Data records
[Start of section]

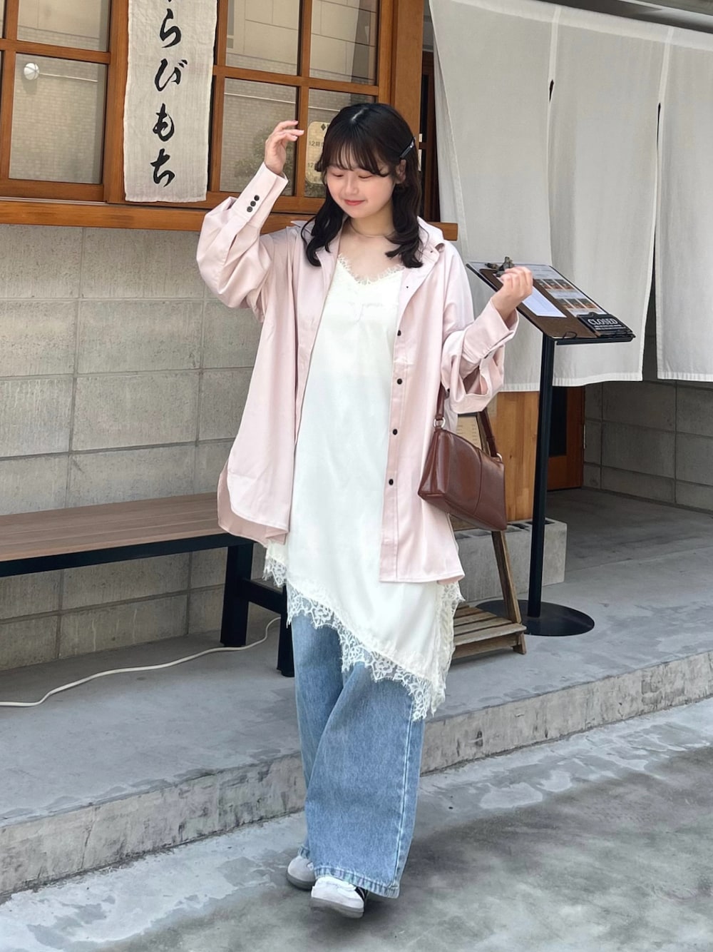 サテンキャミワンピ×サテンシャツ🌸 デニムでカジュアルダウンしたきれいめコーデ⸝⋆ 🏷️Instagram:@pyon_chan___
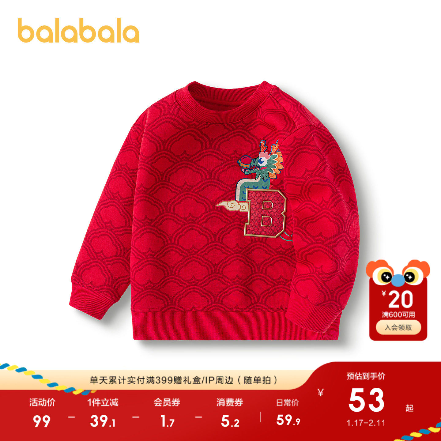 巴拉巴拉童装男童卫衣儿童新款秋冬装时尚洋气春装新年红色拜年服
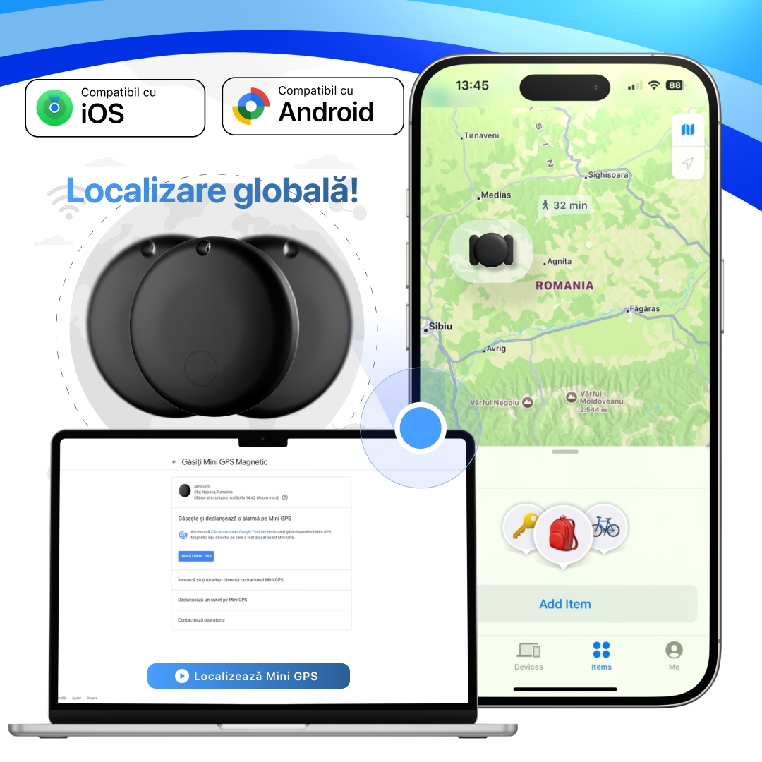 ✅ Compatibil cu iOS Apple Find My și Android Android Find Hub
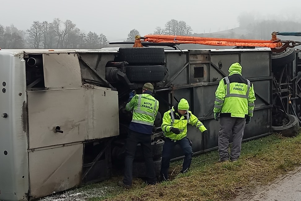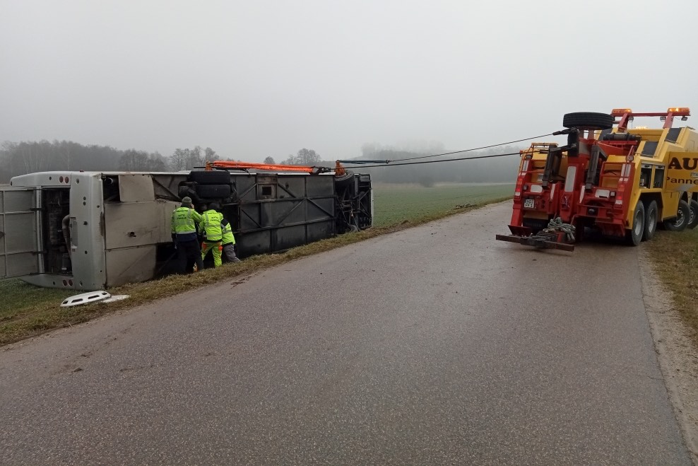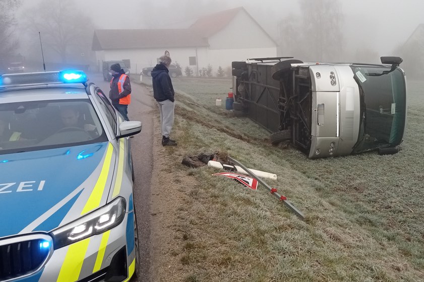Laut Polizei wegen Eisglätte kam der Bus im Gemeinde-Bereich von Kirchdorf von der Straße ab und kippte dann um.
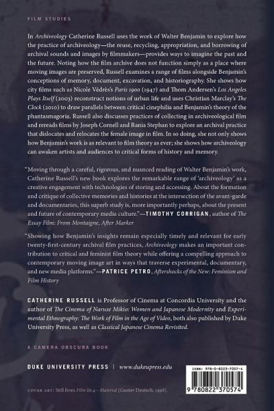 In Archiveology Catherine Russell uses the work of Walter Benjamin to explore how the practice of archiveology-the reuse, recycling, appropriation, and borrowing of archival sounds and images by filmmakers-provides ways to imagine the past and the future. Noting how the film archive does not function simply as a place where moving images are preserved, Russell examines a range of films alongside Benjamin's conceptions of memory, document, excavation, and historiography. She shows how city films such as Nicole Védrès's Paris 1900 (1947) and Thom Andersen's Los Angeles Plays Itself (2003) reconstruct notions of urban life and uses Christian Marclay's The Clock (2010) to draw parallels between critical cinephilia and Benjamin's theory of the phantasmagoria. Russell also discusses practices of collecting in archiveological film and rereads films by Joseph Cornell and Rania Stephan to explore an archival practice that dislocates and relocates the female image in film. In so doing, she not only shows how Benjamin's work is as relevant to film theory as ever; she shows how archiveology can awaken artists and audiences to critical forms of history and memory.
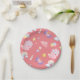 Prato De Papel Padrão do pastel arco-íris de dinossauro rosa-doce
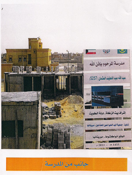 و تبلغ تكلفة المشروع 51,653 د.ك شاملة البناء و الفرش و تجهيز المبنى. و يقوم على تنفيذ المشروع جمعية اليد العليا لعون المحتاجين و رعاية الأطفال في موريتانيا و ذلك تحت الإشراف المباشر لمؤسسة بيت الزكاة في الكويت التي تتولى مهمة الإشراف على كافة المشاريع الخيرية لثلث المرحوم عبدالله عبداللطيف العثمان خارج دولة الكويت. و قد أرسل بيت الزكاة تقريره الدوري الخاص بمتابعة تنفيذ أعمال المشروع و التي توضح بالصور الانتهاء من بناء الدور الأرضي لمبنى المدرسة و التجهيز لأعمال المساح و التشطيبات الأولية.

[End of section]

Since the pictures don't belong in the copy, copy only the rest of the entries above exactly.

 サテンキャミワンピ×サテンシャツ🌸 デニムでカジュアルダウンしたきれいめコーデ⸝⋆ 🏷️Instagram:@pyon_chan___
 巴拉巴拉童装男童卫衣儿童新款秋冬装时尚洋气春装新年红色拜年服
 ✅ Compatibil cu iOS Apple Find My și Android Android Find Hub
Laut Polizei wegen Eisglätte kam der Bus im Gemeinde-Bereich von Kirchdorf von der Straße ab und kippte dann um.
 In Archiveology Catherine Russell uses the work of Walter Benjamin to explore how the practice of archiveology-the reuse, recycling, appropriation, and borrowing of archival sounds and images by filmmakers-provides ways to imagine the past and the future. Noting how the film archive does not function simply as a place where moving images are preserved, Russell examines a range of films alongside Benjamin's conceptions of memory, document, excavation, and historiography. She shows how city films such as Nicole Védrès's Paris 1900 (1947) and Thom Andersen's Los Angeles Plays Itself (2003) reconstruct notions of urban life and uses Christian Marclay's The Clock (2010) to draw parallels between critical cinephilia and Benjamin's theory of the phantasmagoria. Russell also discusses practices of collecting in archiveological film and rereads films by Joseph Cornell and Rania Stephan to explore an archival practice that dislocates and relocates the female image in film. In so doing, she not only shows how Benjamin's work is as relevant to film theory as ever; she shows how archiveology can awaken artists and audiences to critical forms of history and memory.
 Prato De Papel Padrão do pastel arco-íris de dinossauro rosa-doce
 و تبلغ تكلفة المشروع 51,653 د.ك شاملة البناء و الفرش و تجهيز المبنى. و يقوم على تنفيذ المشروع جمعية اليد العليا لعون المحتاجين و رعاية الأطفال في موريتانيا و ذلك تحت الإشراف المباشر لمؤسسة بيت الزكاة في الكويت التي تتولى مهمة الإشراف على كافة المشاريع الخيرية لثلث المرحوم عبدالله عبداللطيف العثمان خارج دولة الكويت. و قد أرسل بيت الزكاة تقريره الدوري الخاص بمتابعة تنفيذ أعمال المشروع و التي توضح بالصور الانتهاء من بناء الدور الأرضي لمبنى المدرسة و التجهيز لأعمال المساح و التشطيبات الأولية.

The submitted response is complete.